◆ **AIM OF THE TASK**
Your copy should hold only the lines from the one with "甘肅蘭州市教育系統大法弟子給慈悲偉大的師尊拜年!" to the one with "預約商品【前後兩穿】2WAY圓弧下襬亨利領針織衫", both included, each exactly as it stands below, with no pictures.

[Opening EXTRACTED MATERIAL section]

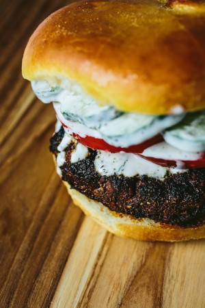 4. Place burger on the bottom of each bun, top each burger with a tomato slice, and finish with cucumber mixture and top bun.
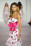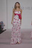Beaded floral gown with ruffle embellished skirt and bow on bodice.
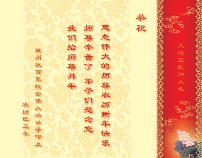甘肅蘭州市教育系統大法弟子給慈悲偉大的師尊拜年!
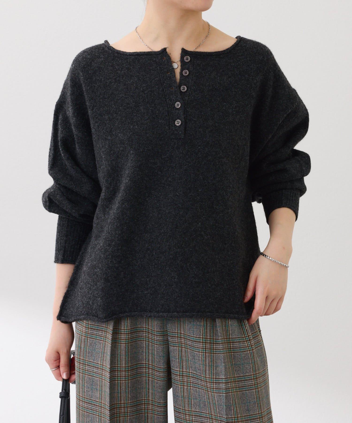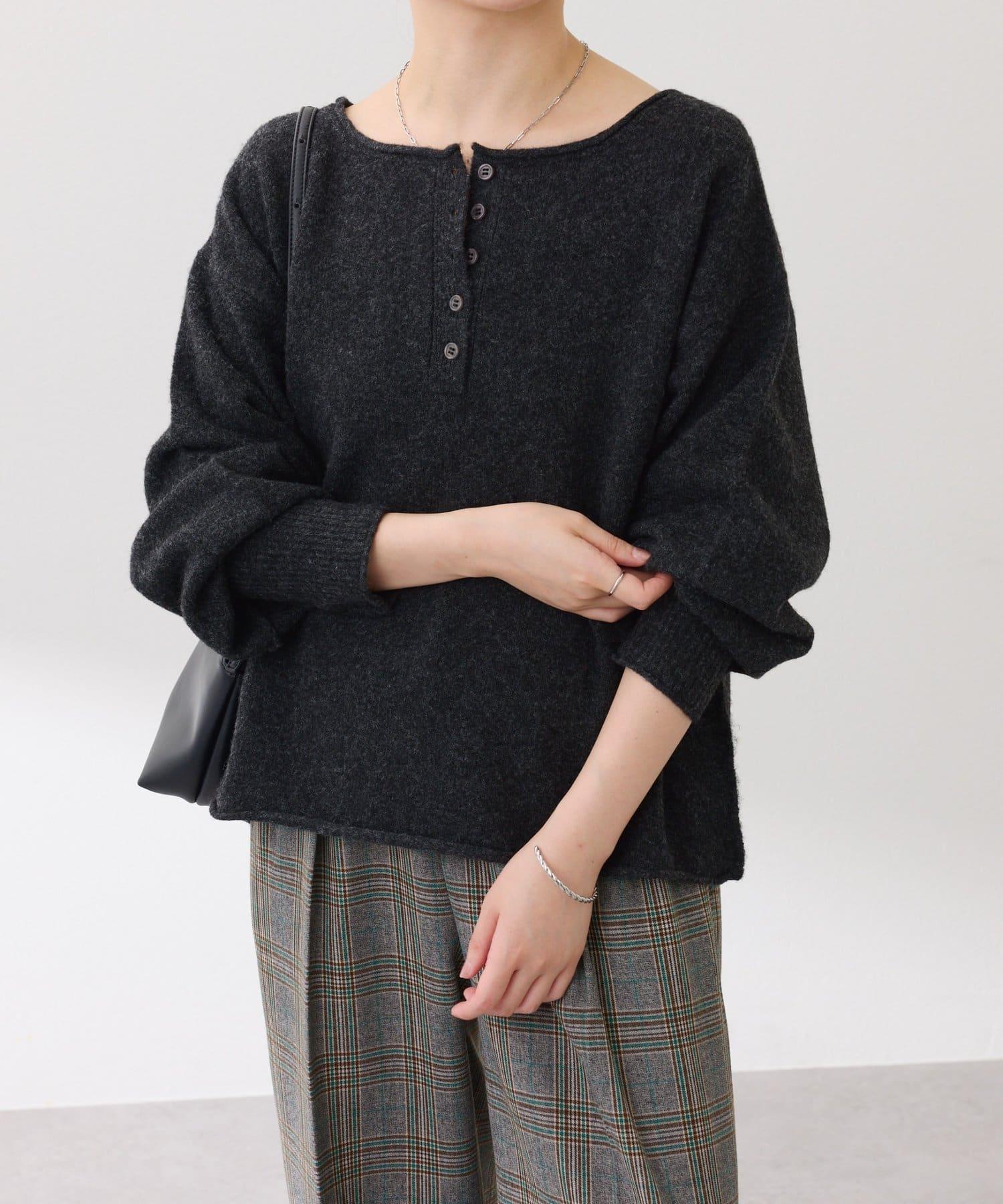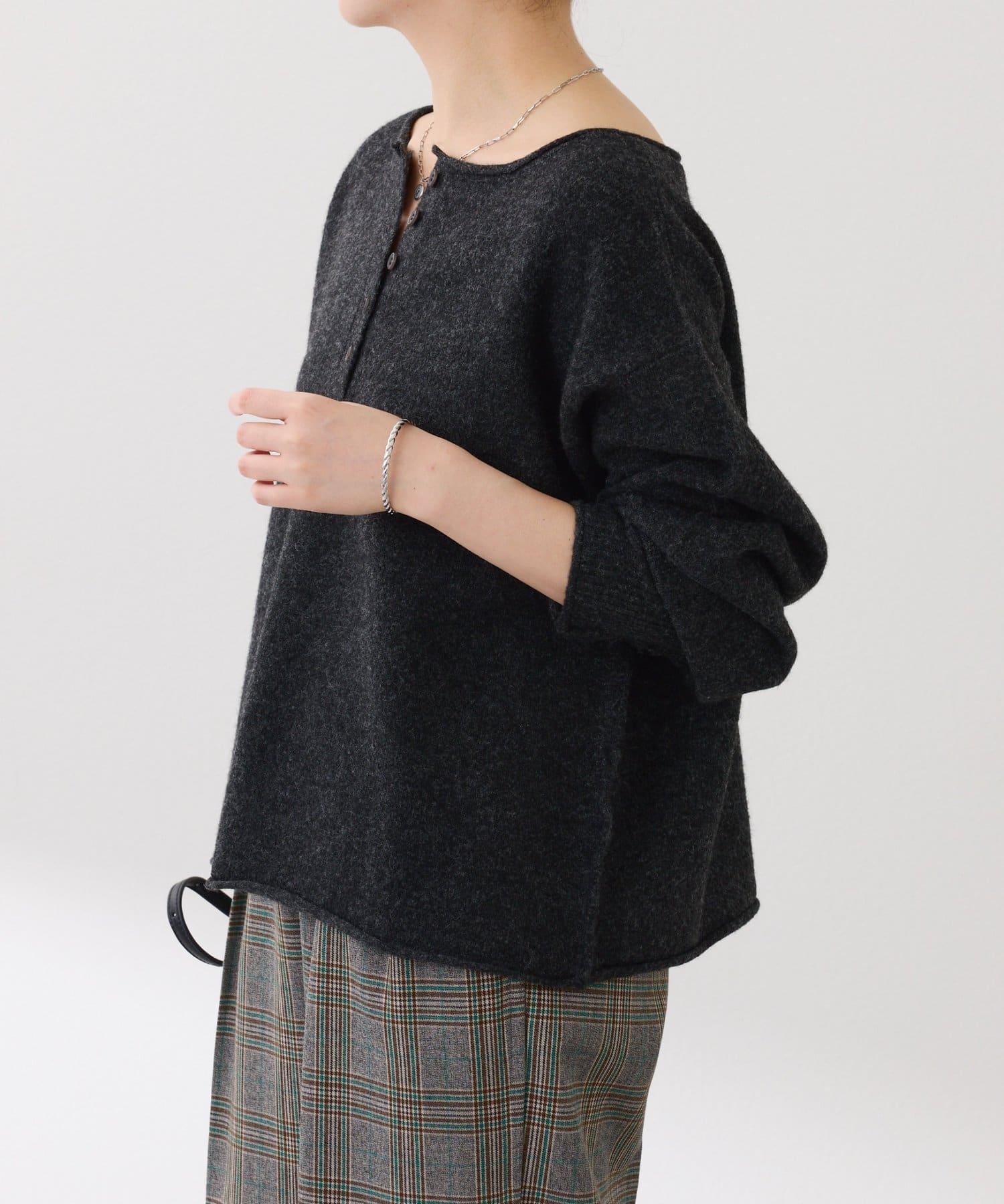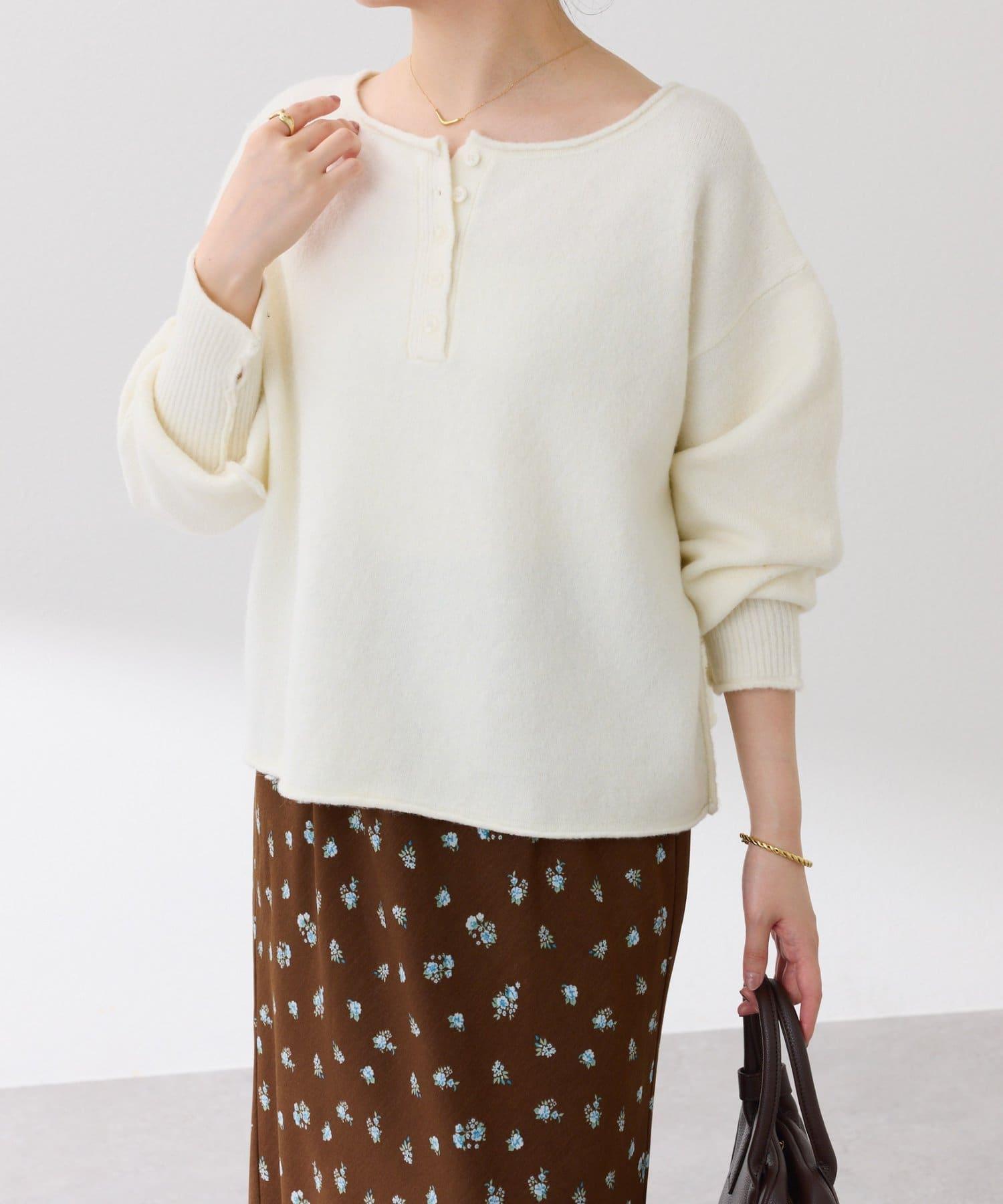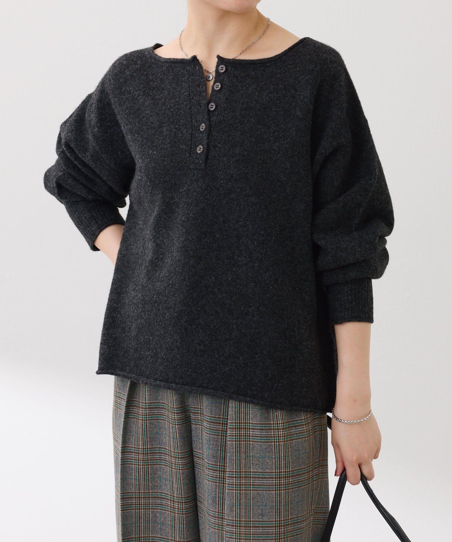 預約商品【前後兩穿】2WAY圓弧下襬亨利領針織衫
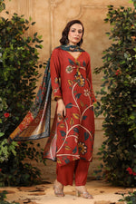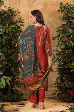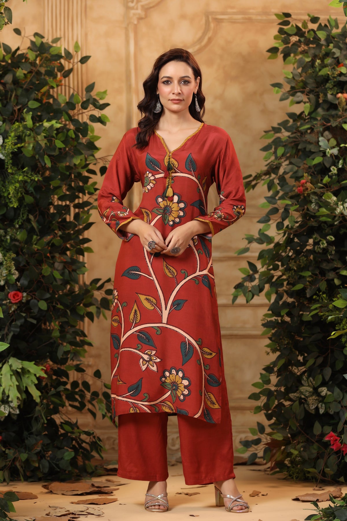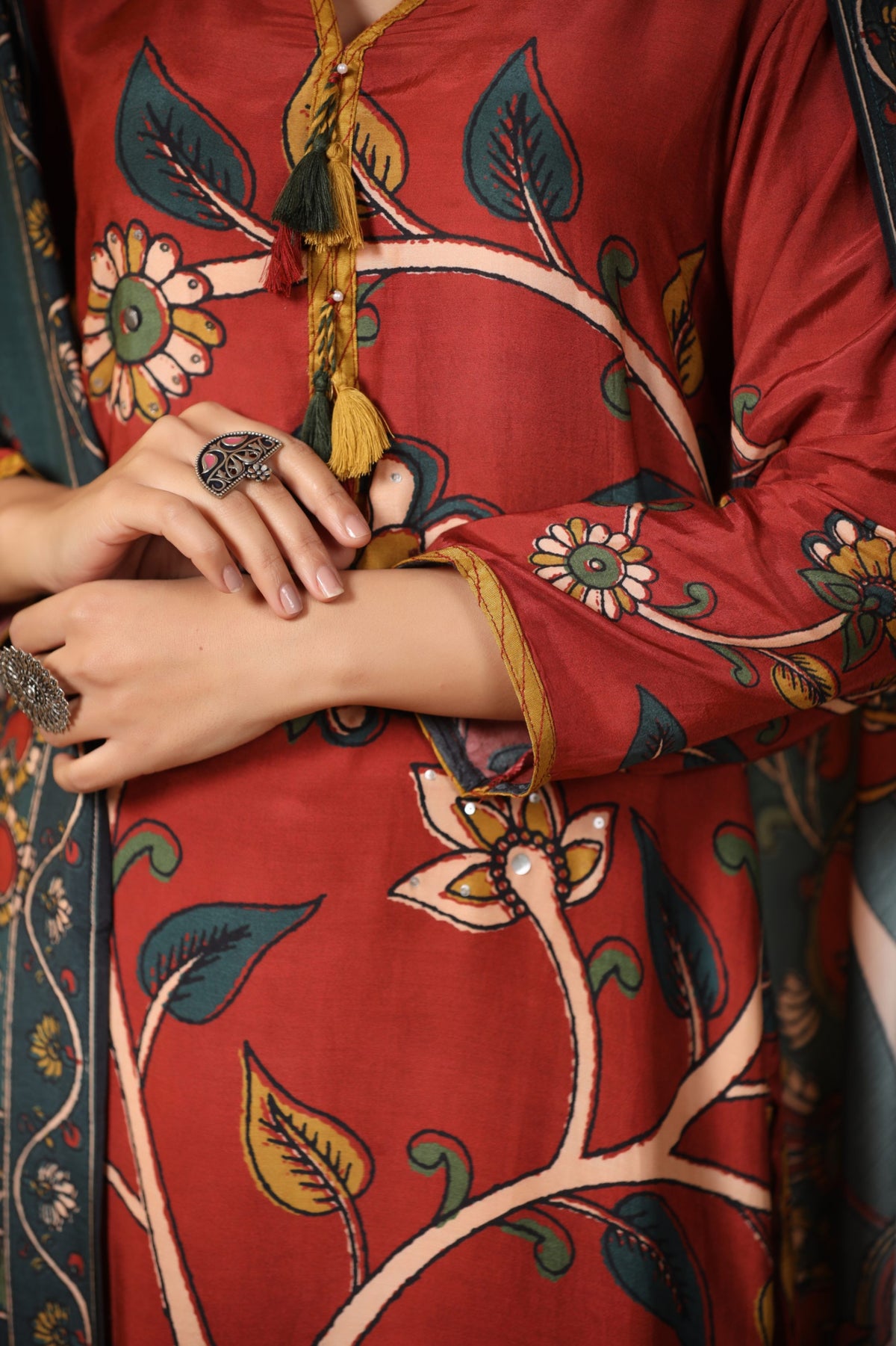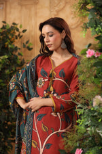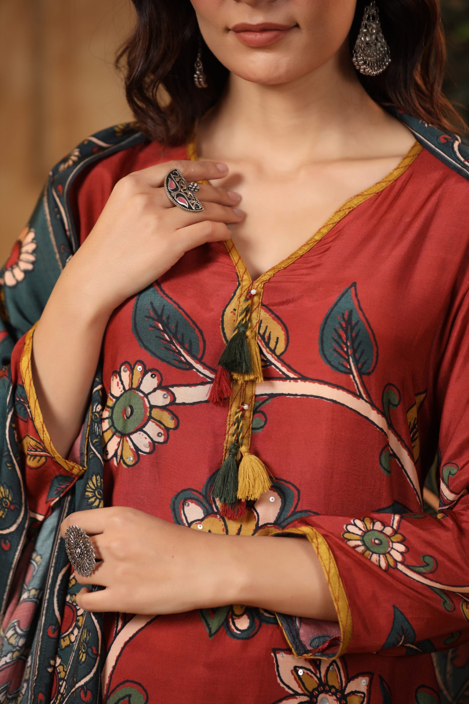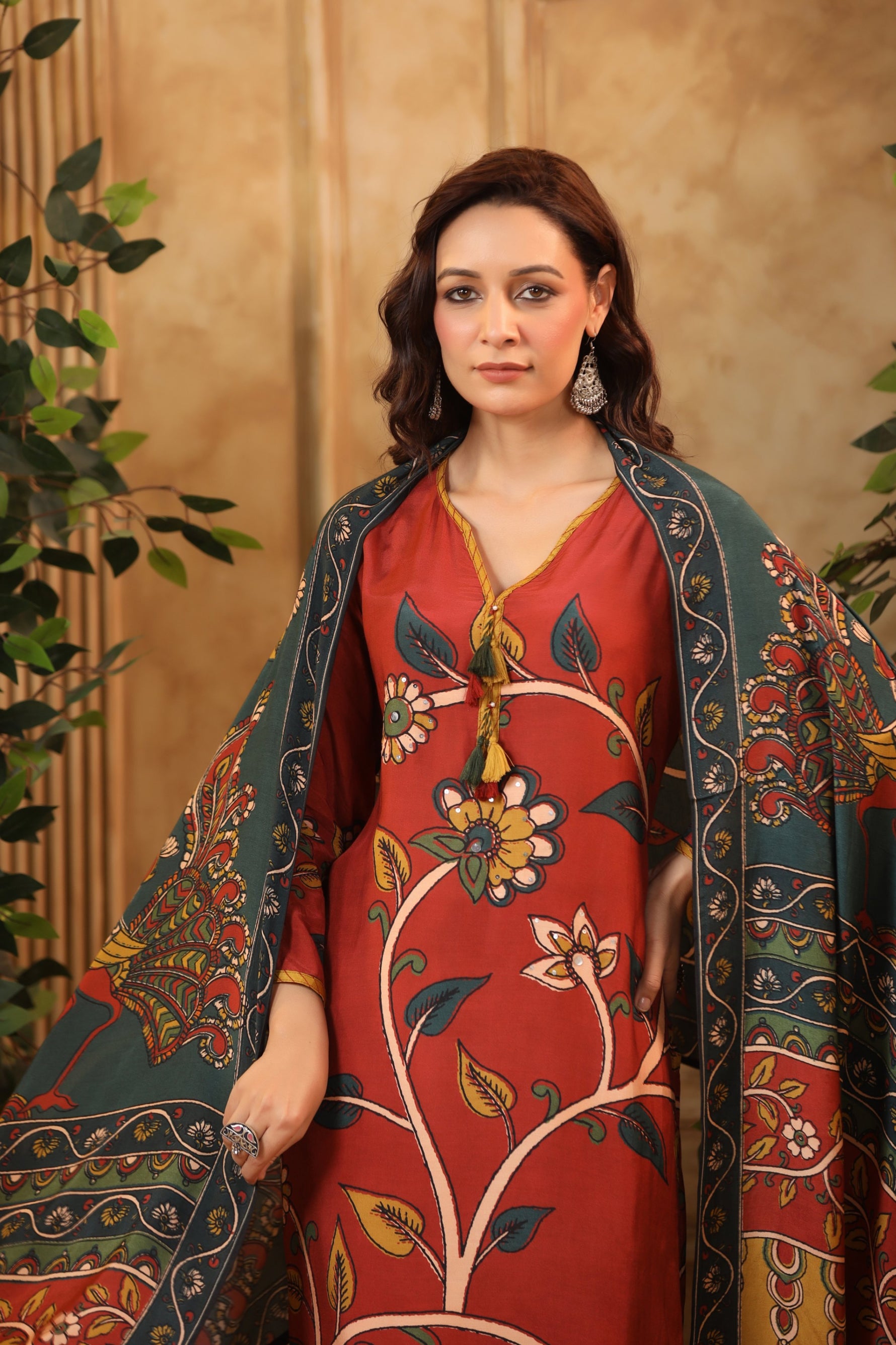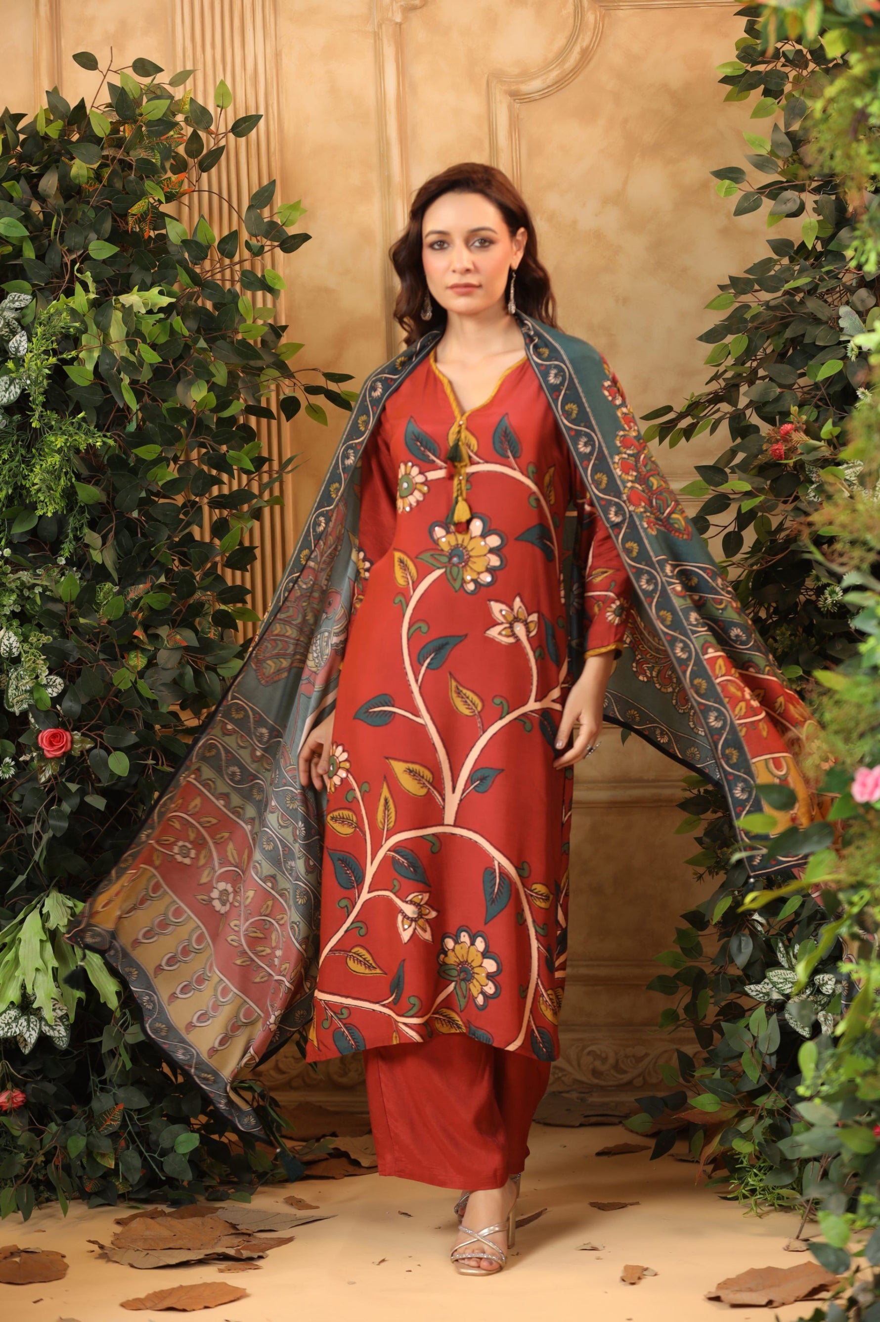 Paired with solid rust trousers, the ensemble maintains a refined balance — allowing the vivid prints and colours to shine without overwhelming. Perfect for festive gatherings, cultural events, or elegant daytime soirées, this three-piece set blends tradition and artistry with bold sophistication.

[Closing EXTRACTED MATERIAL section]

◆ **OUTPUT FOR THIS EXERCISE**
甘肅蘭州市教育系統大法弟子給慈悲偉大的師尊拜年!
 預約商品【前後兩穿】2WAY圓弧下襬亨利領針織衫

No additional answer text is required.